On the other hand, the Wine dataset contains a total of 178 samples, where each sample is one of three types of wines grown in the same region of Italy but derived from three different cultivars. Each sample in the dataset has 13 features presented next:
- Alcohol
- Malic acid
- Ash
- Alcalinity of ash
- Magnesium
- Total phenols
- Flavanoids
- Nonflavanoid phenols
- Proanthocyanins
- Color intensity
- Hue
- OD280/OD315 of diluted wines
- Proline
Results
For the Iris dataset, we obtained the following results for the number of gates and ACIR opcodes:
Epochs | Train samples | ACIR opcodes | Circuit size | Proving time |
---|---|---|---|---|
10 | 30 | 317,088 | 660,166 | 0m 39.295s |
10 | 50 | 523,048 | 1,085,961 | 1m 15.344s |
20 | 30 | 655,848 | 1,355,005 | 1m 18.012s |
20 | 50 | 1,082,008 | 2,232,450 | 2m 35.643s |
30 | 30 | 994,608 | 2,049,841 | 1m 24.117s |
30 | 50 | 1,640,968 | 3,378,936 | 2m 19.931s |
For the Wine dataset, we obtained the following results for the number of gates and ACIR opcodes:
Epochs | Train samples | ACIR opcodes | Circuit size | Proving time |
---|---|---|---|---|
10 | 30 | 614,088 | 1,402,019 | 1m 19.345s |
10 | 50 | 1,007,788 | 2,301,844 | 2m 37.078s |
20 | 30 | 1,260,378 | 2,866,087 | 2m 18.731s |
20 | 50 | 2,068,678 | 4,708,962 | 1m 49.081s |
30 | 30 | 1,906,668 | 4,330,154 | 1m 32.140s |
For the last table with the Wine dataset, we did not measure the case for 30 epochs and 50 training samples given that it fills the RAM memory.
In the case of the co-noir training time, we have the following results for the Iris dataset:
Epochs | Train samples | Training time [sec.] | Accuracy |
---|---|---|---|
10 | 30 | 2,040 | 0.80 |
10 | 50 | 3,545 | 0.55 |
20 | 30 | 4,148 | 0.85 |
The case for 20 epochs and 50 samples was not possible to run because the generation of the witness takes too long and the co-noir process gets killed because of time out.
For the Wine dataset with 10 epochs and 30 training samples, it takes 4,365 seconds.
As a reference, a Python training using scikit-learn
for 30 and 50 samples takes around ~0.006 seconds in average (yes, there is not much difference between them) using a laptop with 20 × 13th Gen Intel® Core™ i7-13700H with 32 GB of RAM. Although it is well understood that it is not possible (or at least very, VERY difficult) to obtain a training time similar to a clear text implementation, this shows that there is a lot of work to do in the realm of privacy-preserving machine learning to improve the performance of this kind of protocols. However, when protocols are running in servers, it is possible to increase the capabilities of the servers to speed-up the training and proving process using co-noir without sacrificing or compromising the security guarantees.

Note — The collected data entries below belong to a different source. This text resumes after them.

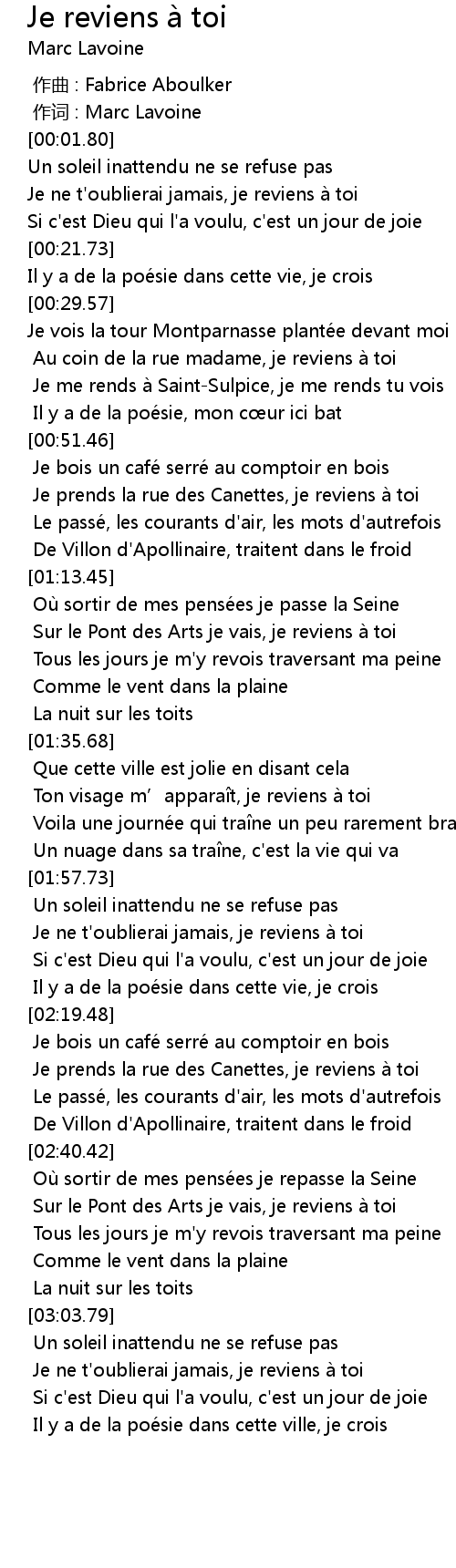 | [00:55.34] | Je prends la rue des Canettes, je reviens à toi |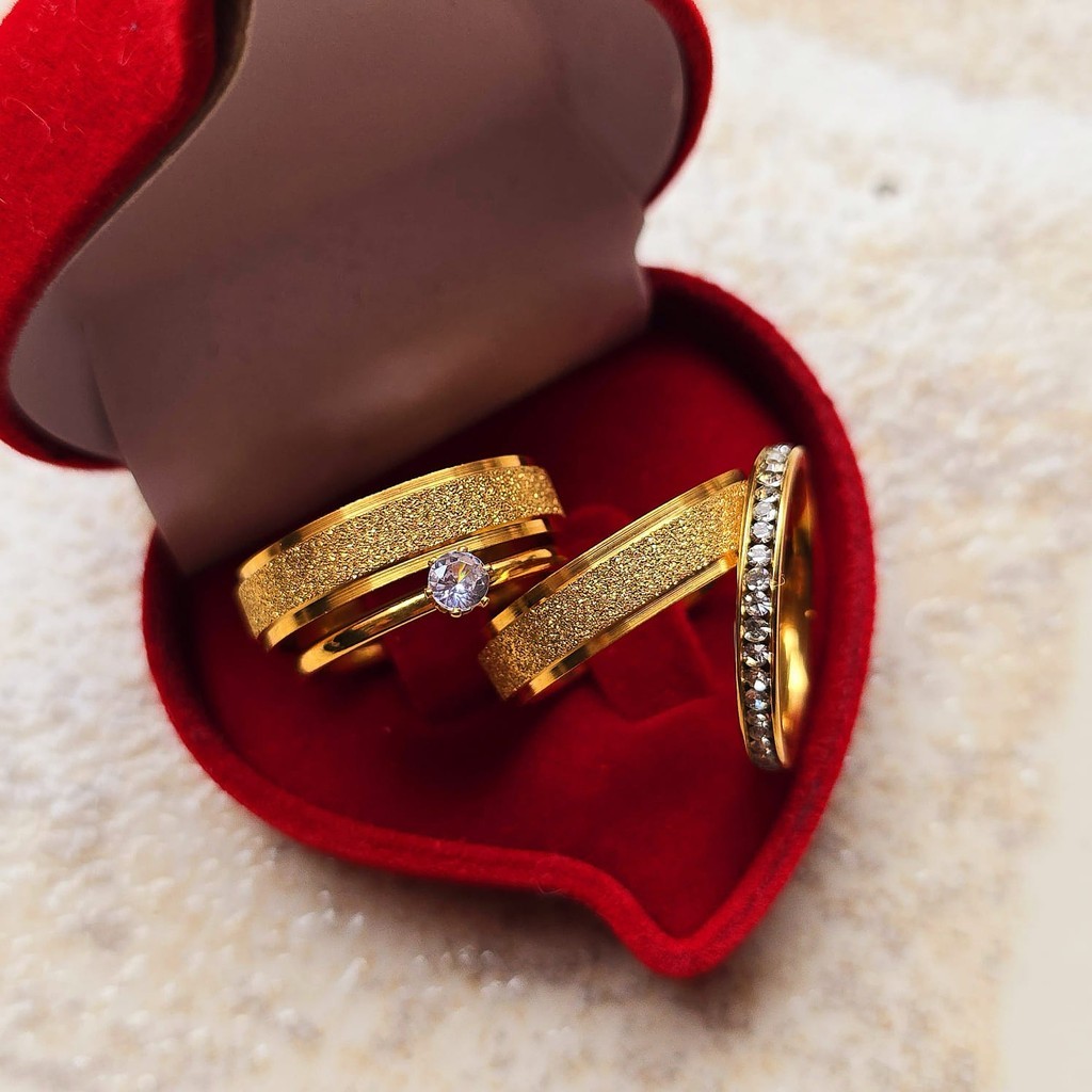 Par de Alianças diamantadas 6mm Banhado a Moeda Antiga + gravação + Aparador + Solitário + caixinha (COD-24)
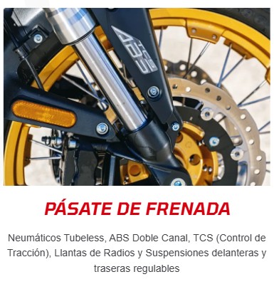 - Frenos: Delanteros/traseros: Disco, ABS. / Neumáticos: Delantero: 110/80R19; Trasero: 150/70R17.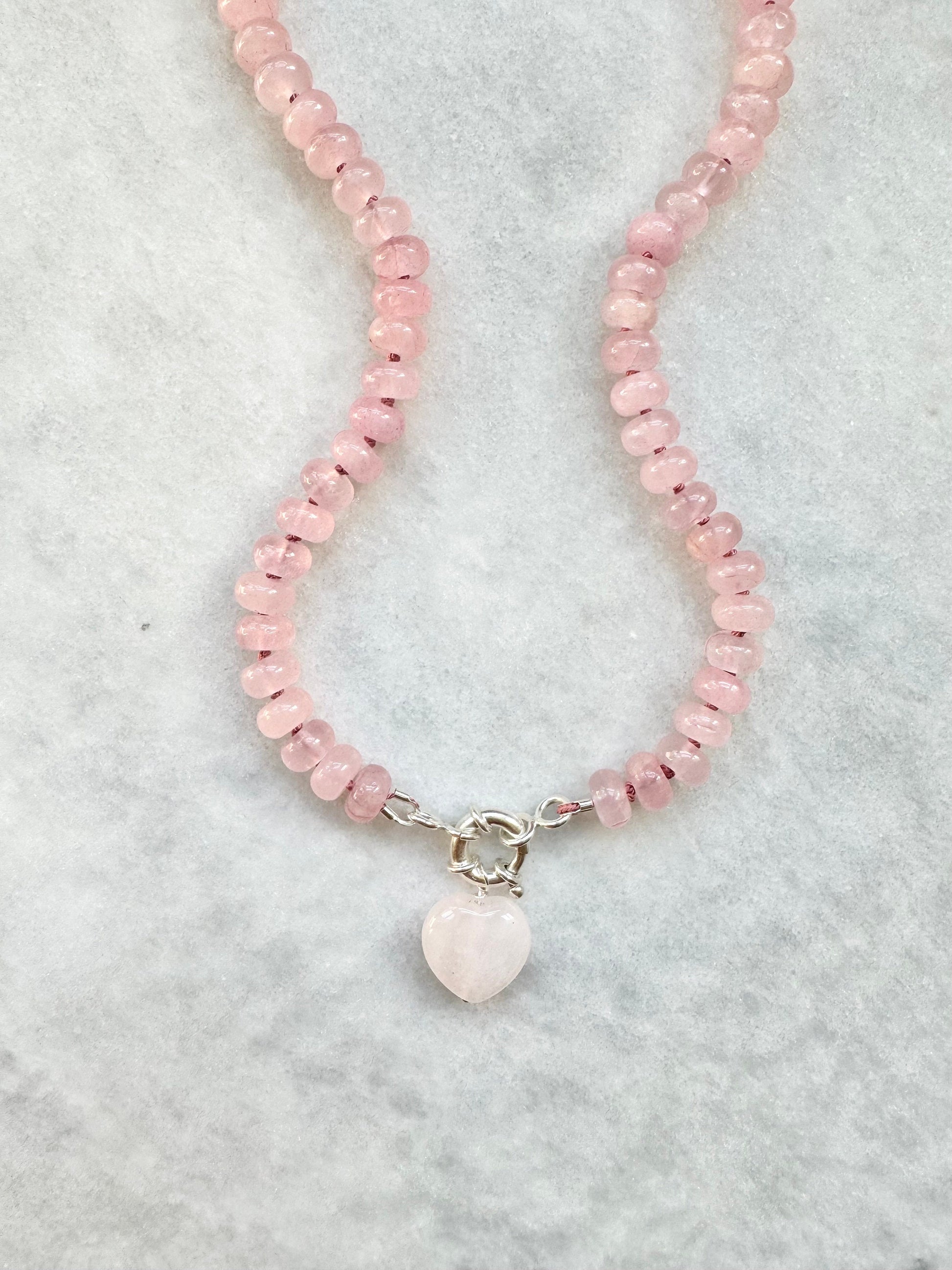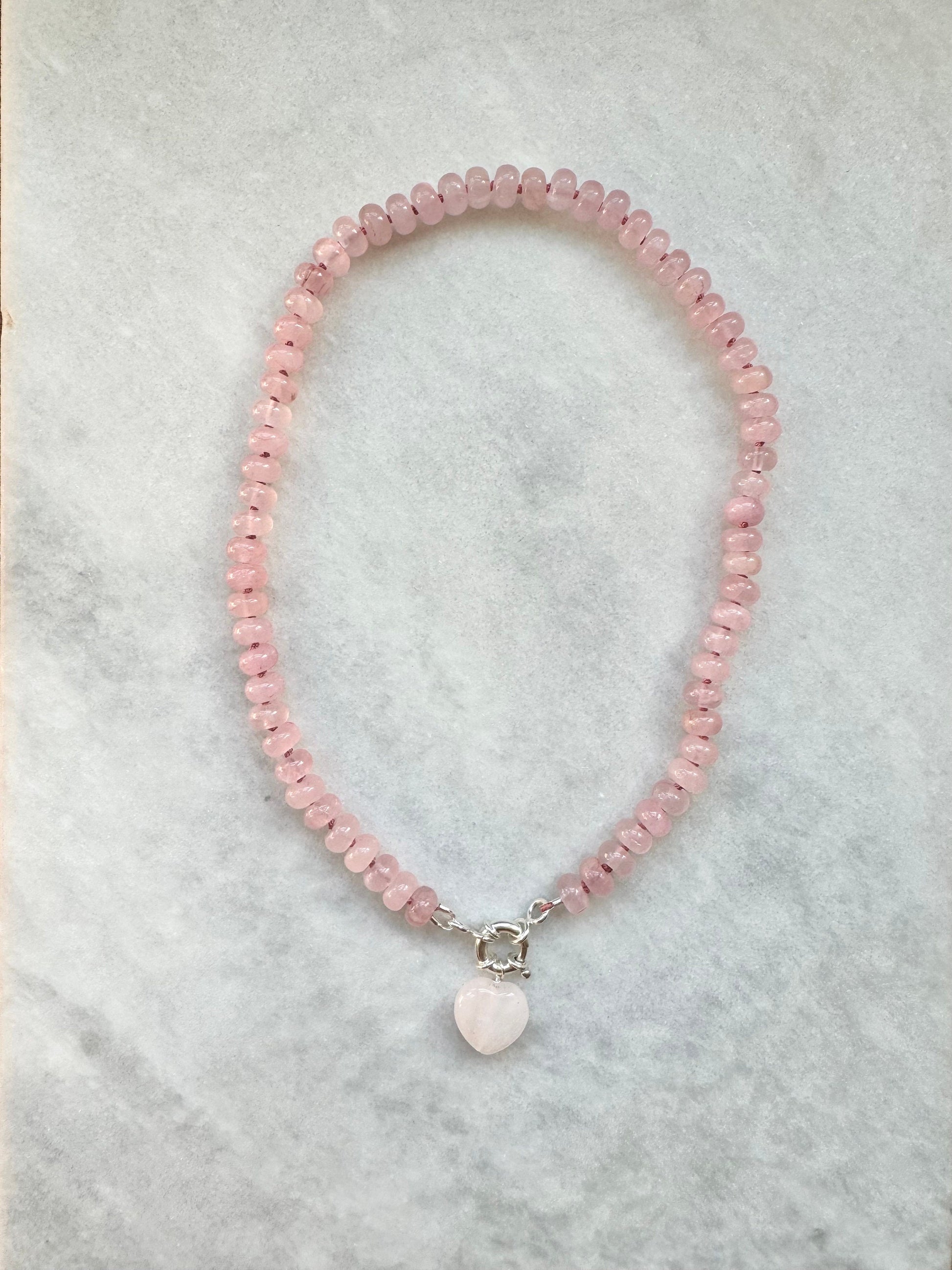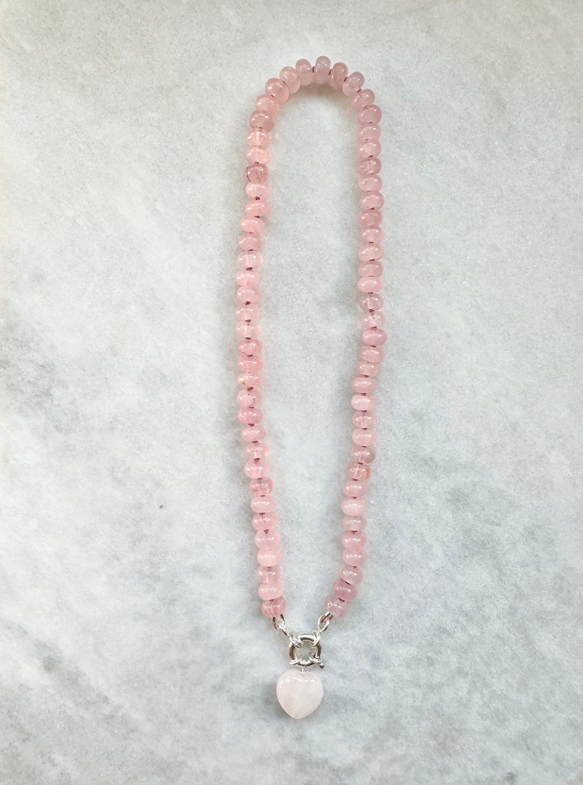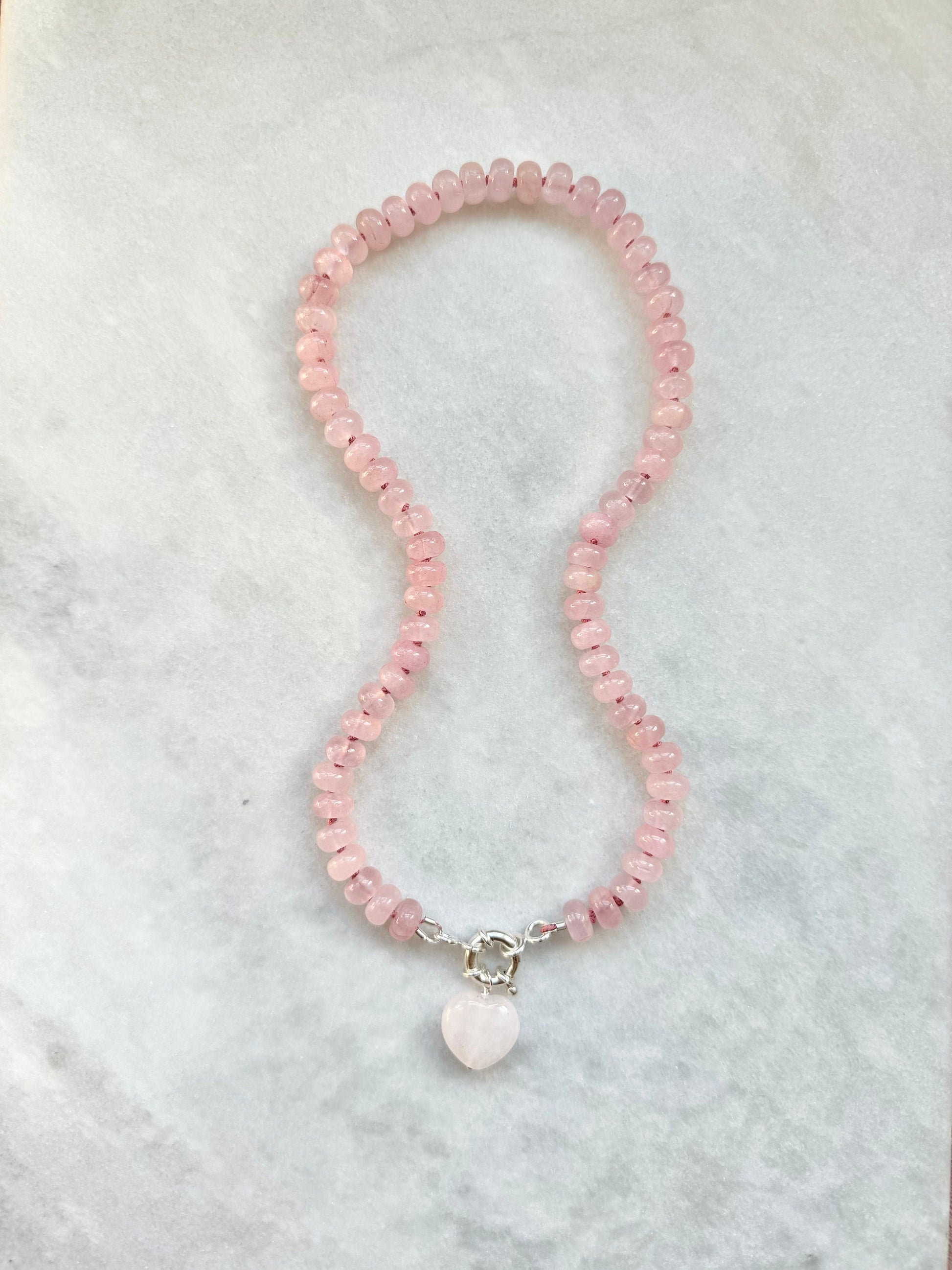 Rose quartz rondelles hand knotted on dark pink silk thread, finished with a sterling silver sailor clasp and rose quartz heart charm.

Finally, we compared our Noir implementation using fixed-point numbers with a Rust implementation using floating-point numbers with type f64
. We found that both implementations obtain exactly the same accuracy in all the examples we ran. This means that the fact that we are using fixed point numbers in the secure training does not affect significantly the result with respect to a floating point training. To reproduce this experiments, you can use the logistic regression implementation in Rust presented in this repository. You can use the Rust implementation along with the scripts run_single_test.sh
, accuracy_evaluation/evaluate_float_model.py
and accuracy_evaluation/generate_rust_dataset.py
to compare both accuracies.